Research Paper:
YOLO-CF: An Object Detection Model that Improves Feature Expression at Both Coarse-Grained and Fine-Grained Levels for Industrial Surface Image Defect Detection
Zhaowei Sun*1,, Jintao Chen*2, Cong Lin*3, Xuebin Yue*4
, Kuozhan Wang*4, and Lin Meng*5

*1Henan Huadong Industrial Control Technology Company Ltd.

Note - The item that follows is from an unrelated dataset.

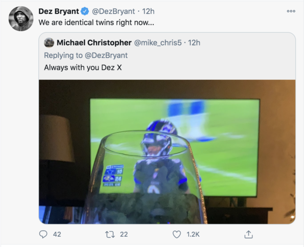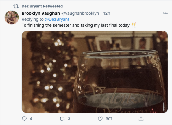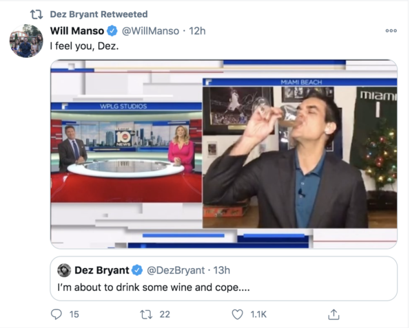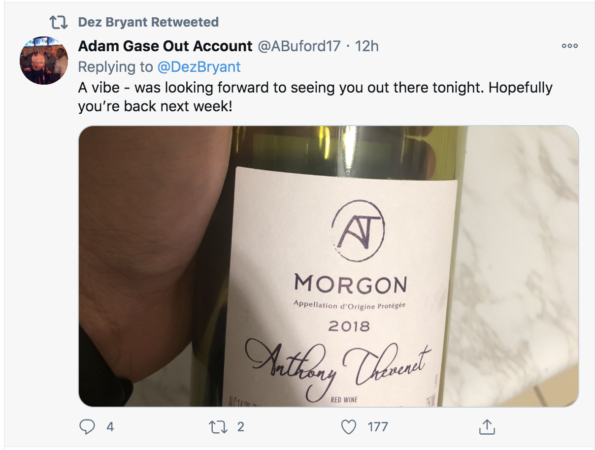 Dez Bryant then says that he was going to cope with the news over a glass of wine.

No.5 Wutong West Street, High-New Technology Development Zone, Zhengzhou, Henan 450000, China
Corresponding author
*2The First Affiliated Hospital of Henan University of Chinese Medicine
No.19 Renmin Road, Jinshui, Zhengzhou, Henan 450046, China
*3Hanwei Electronics Group Corporation
No.169 Xuesong Road, National High-Tech Zone, Zhengzhou, Henan 450001, China
*4School of Automation and Electrical Engineering, Zhongyuan University of Technology
No.41 Zhongyuan Middle Road, Zhongyuan, Zhengzhou, Henan 450007, China
*5College of Science and Engineering, Ritsumeikan University
1-1-1 Nojihigashi, Kusatsu, Shiga 525-8577, Japan
In industrial surface defect detection, enhancing the model’s capability to express features at both coarse-grained and fine-grained levels is crucial. Accordingly, this paper proposes YOLO Coarse and Fine (YOLO-CF), a novel object detection model that significantly enhances feature expression by integrating innovative feature fusion strategies with an improved network architecture. YOLO-CF incorporates Res2Net and Res2Net block modules, notably improving the expression of fine-grained features without increasing computational complexity. Additionally, this model introduces a multi-scale feature fusion module, which seamlessly integrates coarse and fine-grained information by combining top-down and bottom-up pathways. This enhancement effectively expands the perceptual range and significantly improves the model’s generalization capability, making YOLO-CF a powerful tool for detecting diverse defects in complex industrial images. A hybrid downsampling module is introduced, combining max pooling, average pooling, and convolution operations with a stride of 2 to provide richer feature representations. In the GC10-DET dataset, YOLO-CF achieved a mean average precision (mAP) of 59.09%, surpassing the second-ranked RetinaNet by 3.41 percentage points. On the PCB, crack, NEU-DET and Dish-20 public datasets, YOLO-CF achieved mAPs of 97.38%, 84.72%, 73.35%, and 99.54%, at IoU =0.5, respectively. The experimental results indicate that by integrating feature extraction at both coarse-grained and fine-grained levels, YOLO-CF effectively enhances the model’s ability to detect objects of various sizes in complex scenes, demonstrating significant performance improvements. The code is available at http://www.ihpc.se.ritsumei.ac.jp/obidataset.html.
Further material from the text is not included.